For instance, she said, in Chinese schools, there should be at least 25% each of Malay and Indian students, with the remaining half being Chinese.

“Similarly, she said, at least half of the students in national schools should be non-Malays.

Sharing her sentiment was Universiti Kebangsaan Malaysia’s Institute of Ethnic Studies Associate Fellow Professor, Mansor Mohd Noor, who is of the view that the responsibilities of schools extended beyond producing intellectually competent students.

“When these young people grow up, they will be exposed to a great diversity of people and cultures. They can start by being more understanding towards their own friends (from a young age),” he told theSun yesterday.

Mansor said the core meaning of education should be reviewed and an education summit should be considered to find ways to manage diversity in the education system.
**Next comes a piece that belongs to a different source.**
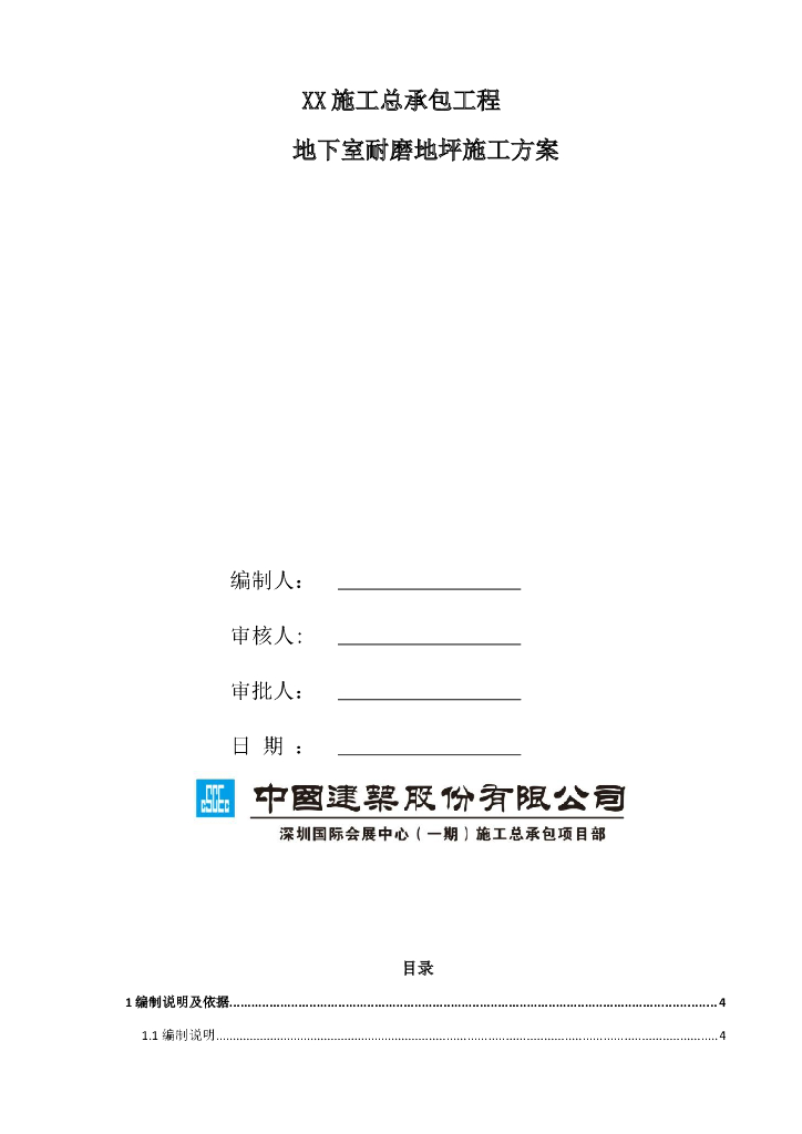 [深圳]中建地下室耐磨地坪施工方案.doc

“We should introduce socio-cultural classes so that students can be more exposed to other faiths and cultural practices. Internationally, we are ranked 16th in the Global Peace Index. We can do better than that,” he added.

He claimed that while Malaysian children had the opportunity to mingle together at national-type secondary schools, they failed to manage their differences and nurture similarities.

“We need to take note of the similarities among us and respect our differences. This will strengthen us as a nation.”

In an immediate response, the Malacca Action Group for Parents in Education said racial integration should not be forced. Rather, it should be forged based on trust, said its chairman Mak Chee Kin.

He said the matter of fostering unity should start at the top level of the government, including the Education Ministry, rather than in school.

For a start, Mak said, the racial quota system in the civil service should be removed.

“There should be equal opportunity for promotion to principal, head of department or state director rather than it being based on a quota system,” he said.

“The government should aim to make national schools the first choice for parents like in the 1960s and 1970s. There should be less emphasis on religious classes like in the early days,” he told theSun.

Parent Action Group for Education Malaysia chairman Datin Noor Azimah Abdul Rahim said it is not easy to introduce a quota system in schools as they are also reflective of the neighbourhood a school is located in, where one can find the odd Chinese school with a Malay majority enrolment because of its location.

“What needs to be done is to introduce Mandarin in all national schools, with adequate and competent teachers. Enhance the English language through greater immersion. Ensure Science is given a hands-on experience,” she said.

Azimah also suggested that Islamic studies be reduced to the minimum of two hours a week as provided in the Education Act, with anything more to be conducted and regularised at state level.

“We should focus on beefing up the competence of teachers based on meritocracy. Only when you transform national schools into quality schools will the demand for places in these schools follow,” she added.